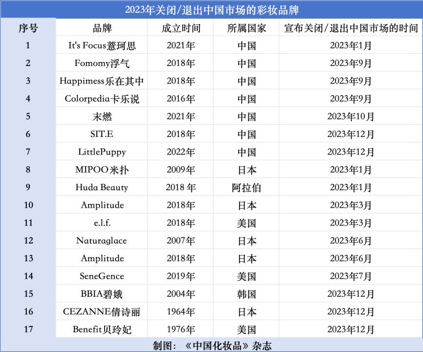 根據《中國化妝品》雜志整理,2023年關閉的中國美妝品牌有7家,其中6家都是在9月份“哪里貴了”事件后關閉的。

★ ★ ★ ★ ★ ★ ★

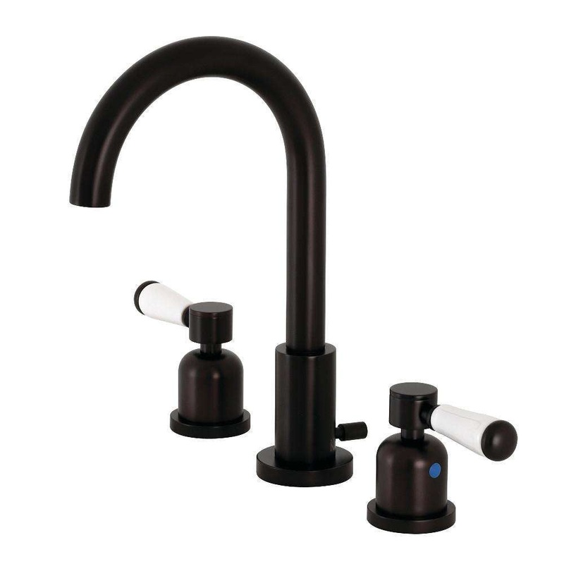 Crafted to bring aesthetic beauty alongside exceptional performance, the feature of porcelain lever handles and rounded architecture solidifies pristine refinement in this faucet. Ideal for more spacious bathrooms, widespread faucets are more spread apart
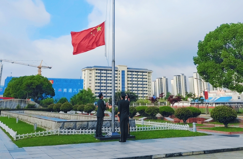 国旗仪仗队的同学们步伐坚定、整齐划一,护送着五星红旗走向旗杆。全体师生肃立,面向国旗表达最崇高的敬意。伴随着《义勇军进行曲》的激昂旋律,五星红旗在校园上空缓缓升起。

★ ★ ★ ★ ★ ★ ★

> **Problem statement**
Write down exactly what the lines above say, from the line holding "Crafted to bring" through the line holding "国旗仪仗队的同学们步伐坚定、", and nothing more. Do not copy the pictures.

> **Written answer**
 Crafted to bring aesthetic beauty alongside exceptional performance, the feature of porcelain lever handles and rounded architecture solidifies pristine refinement in this faucet. Ideal for more spacious bathrooms, widespread faucets are more spread apart
 国旗仪仗队的同学们步伐坚定、整齐划一,护送着五星红旗走向旗杆。全体师生肃立,面向国旗表达最崇高的敬意。伴随着《义勇军进行曲》的激昂旋律,五星红旗在校园上空缓缓升起。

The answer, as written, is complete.